INSTRUCTIONS TO FOLLOW - An exact copy of the entries, with every picture omitted, is what is needed here.

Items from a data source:
———
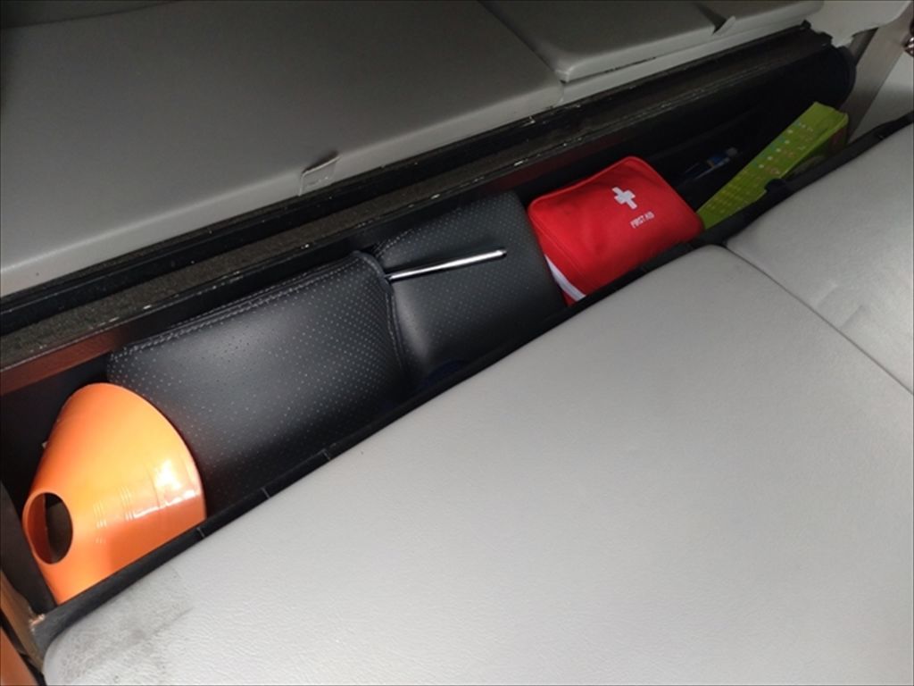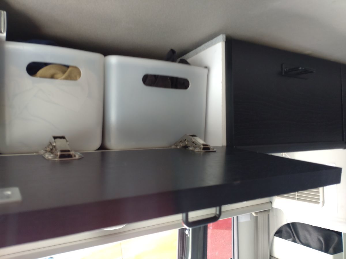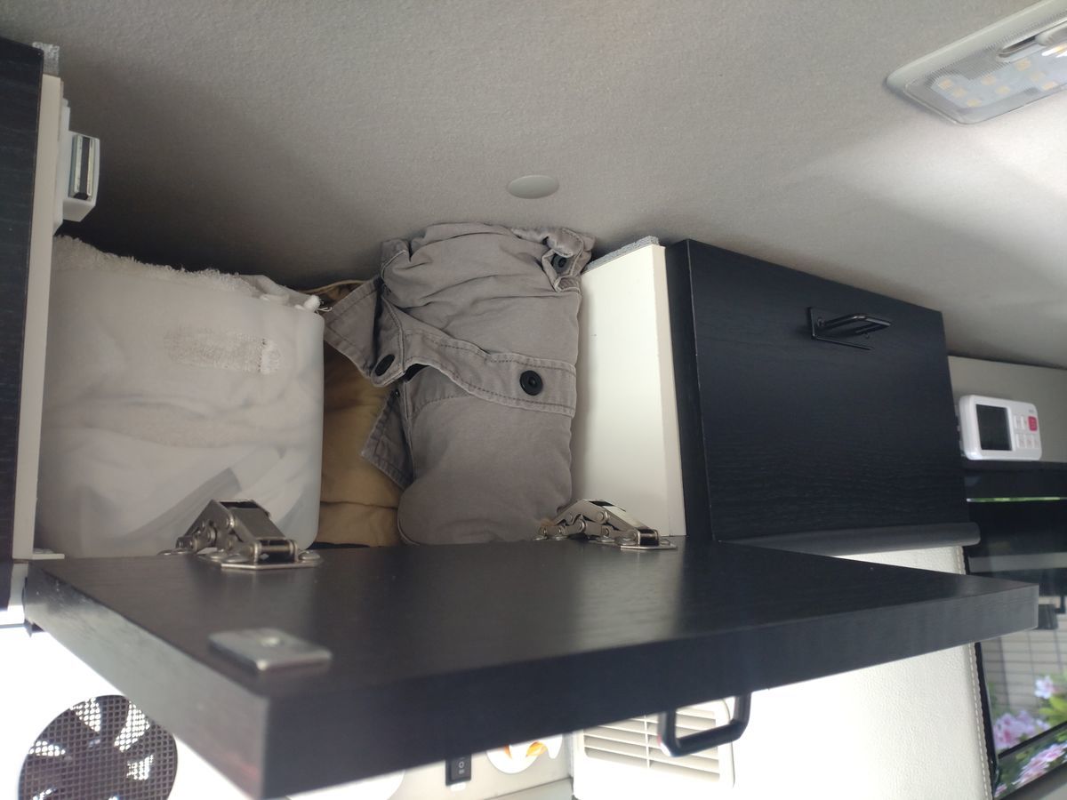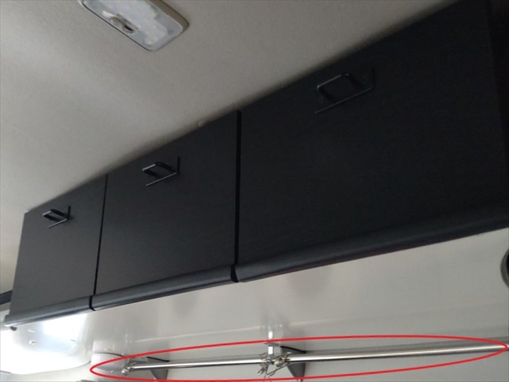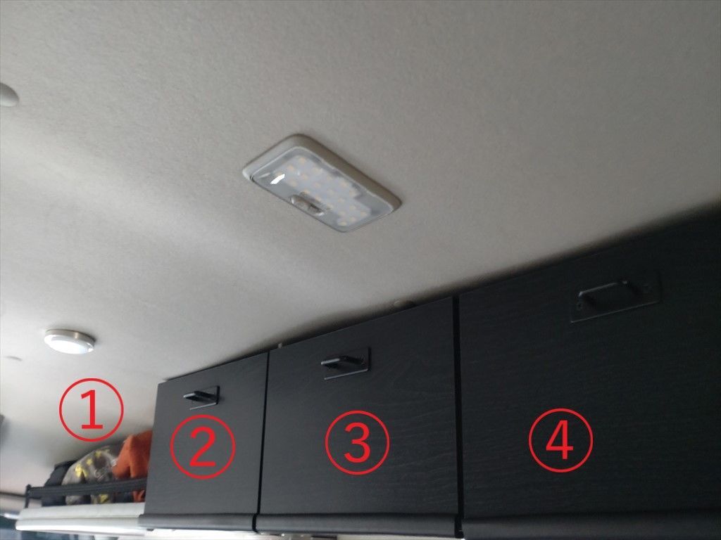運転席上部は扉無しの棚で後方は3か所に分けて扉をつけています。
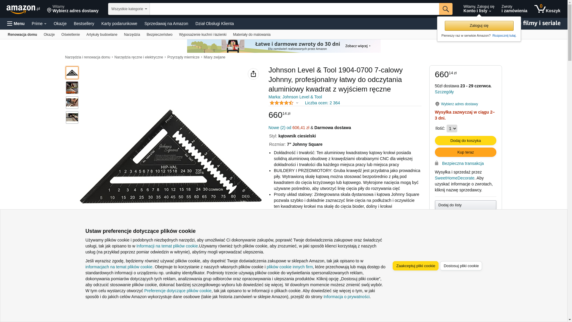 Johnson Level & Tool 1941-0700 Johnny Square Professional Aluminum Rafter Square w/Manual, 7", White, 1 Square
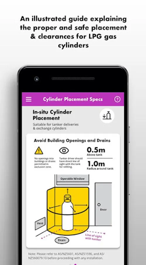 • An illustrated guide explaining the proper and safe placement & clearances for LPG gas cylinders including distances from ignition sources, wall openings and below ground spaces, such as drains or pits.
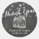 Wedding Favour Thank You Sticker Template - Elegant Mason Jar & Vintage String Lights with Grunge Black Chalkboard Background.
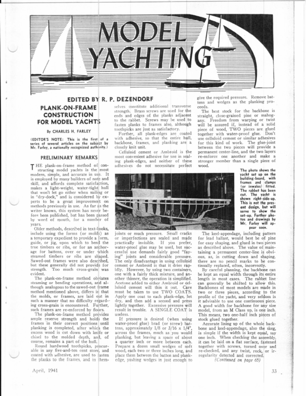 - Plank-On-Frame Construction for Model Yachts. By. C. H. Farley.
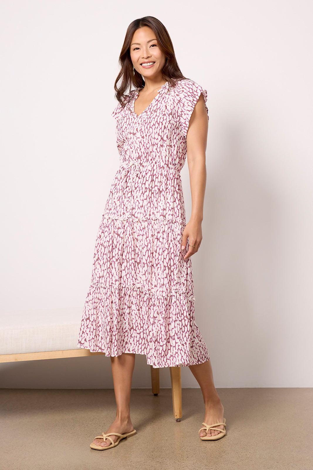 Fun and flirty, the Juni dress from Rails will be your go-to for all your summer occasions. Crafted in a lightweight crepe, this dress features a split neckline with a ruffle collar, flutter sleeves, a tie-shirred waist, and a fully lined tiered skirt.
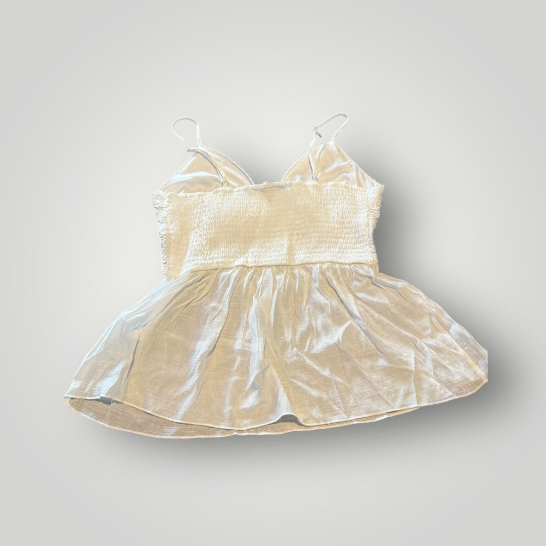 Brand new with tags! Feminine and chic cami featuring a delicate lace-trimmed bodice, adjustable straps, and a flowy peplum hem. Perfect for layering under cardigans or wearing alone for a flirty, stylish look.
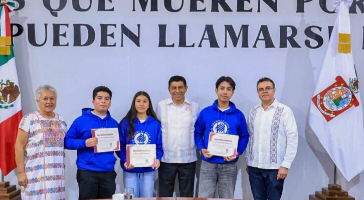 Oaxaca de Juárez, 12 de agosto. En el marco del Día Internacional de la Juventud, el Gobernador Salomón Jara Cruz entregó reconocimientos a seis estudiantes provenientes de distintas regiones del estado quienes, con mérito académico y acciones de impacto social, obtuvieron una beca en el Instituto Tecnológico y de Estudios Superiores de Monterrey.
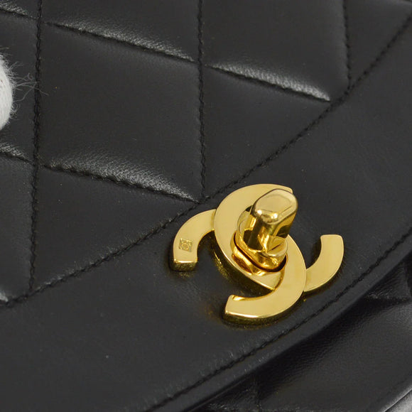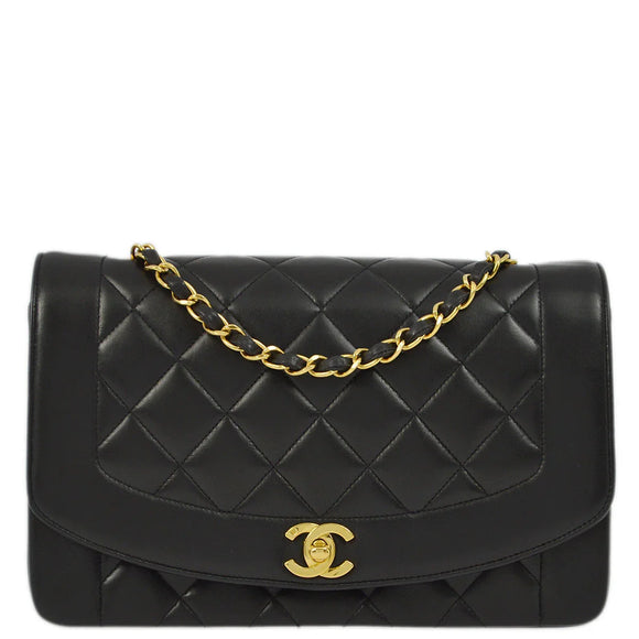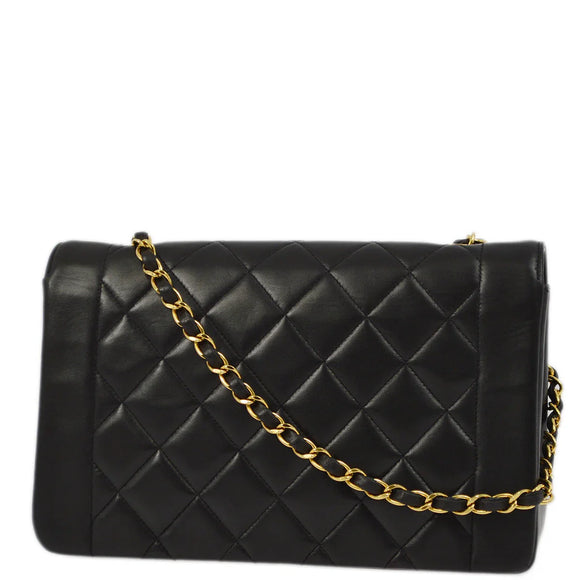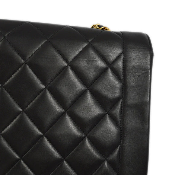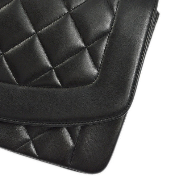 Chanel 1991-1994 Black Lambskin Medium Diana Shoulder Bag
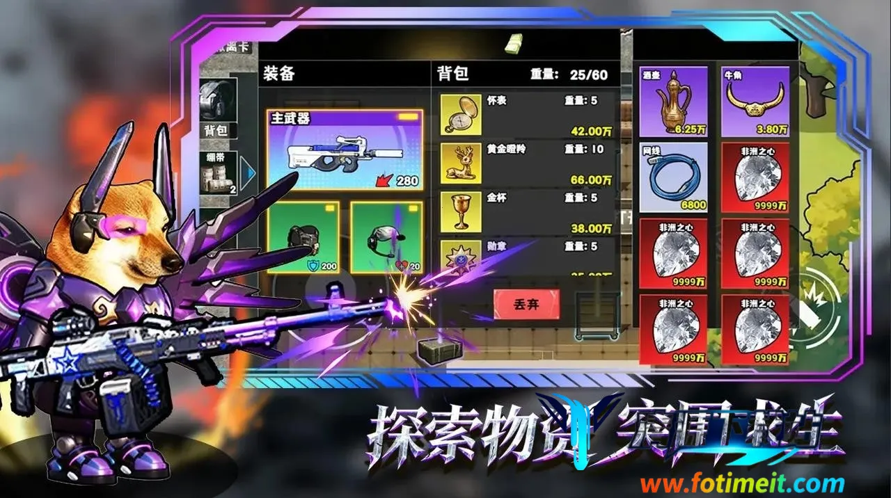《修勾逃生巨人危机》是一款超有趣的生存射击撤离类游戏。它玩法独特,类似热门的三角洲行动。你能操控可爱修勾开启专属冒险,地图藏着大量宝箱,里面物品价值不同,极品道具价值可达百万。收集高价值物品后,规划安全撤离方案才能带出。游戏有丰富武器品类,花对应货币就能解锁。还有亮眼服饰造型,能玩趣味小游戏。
———
WRITTEN REPLY -
運転席上部は扉無しの棚で後方は3か所に分けて扉をつけています。
 Johnson Level & Tool 1941-0700 Johnny Square Professional Aluminum Rafter Square w/Manual, 7", White, 1 Square
 • An illustrated guide explaining the proper and safe placement & clearances for LPG gas cylinders including distances from ignition sources, wall openings and below ground spaces, such as drains or pits.
 Wedding Favour Thank You Sticker Template - Elegant Mason Jar & Vintage String Lights with Grunge Black Chalkboard Background.
 - Plank-On-Frame Construction for Model Yachts. By. C. H. Farley.
 Fun and flirty, the Juni dress from Rails will be your go-to for all your summer occasions. Crafted in a lightweight crepe, this dress features a split neckline with a ruffle collar, flutter sleeves, a tie-shirred waist, and a fully lined tiered skirt.
 Brand new with tags! Feminine and chic cami featuring a delicate lace-trimmed bodice, adjustable straps, and a flowy peplum hem. Perfect for layering under cardigans or wearing alone for a flirty, stylish look.
 Oaxaca de Juárez, 12 de agosto. En el marco del Día Internacional de la Juventud, el Gobernador Salomón Jara Cruz entregó reconocimientos a seis estudiantes provenientes de distintas regiones del estado quienes, con mérito académico y acciones de impacto social, obtuvieron una beca en el Instituto Tecnológico y de Estudios Superiores de Monterrey.
 Chanel 1991-1994 Black Lambskin Medium Diana Shoulder Bag
《修勾逃生巨人危机》是一款超有趣的生存射击撤离类游戏。它玩法独特,类似热门的三角洲行动。你能操控可爱修勾开启专属冒险,地图藏着大量宝箱,里面物品价值不同,极品道具价值可达百万。收集高价值物品后,规划安全撤离方案才能带出。游戏有丰富武器品类,花对应货币就能解锁。还有亮眼服饰造型,能玩趣味小游戏。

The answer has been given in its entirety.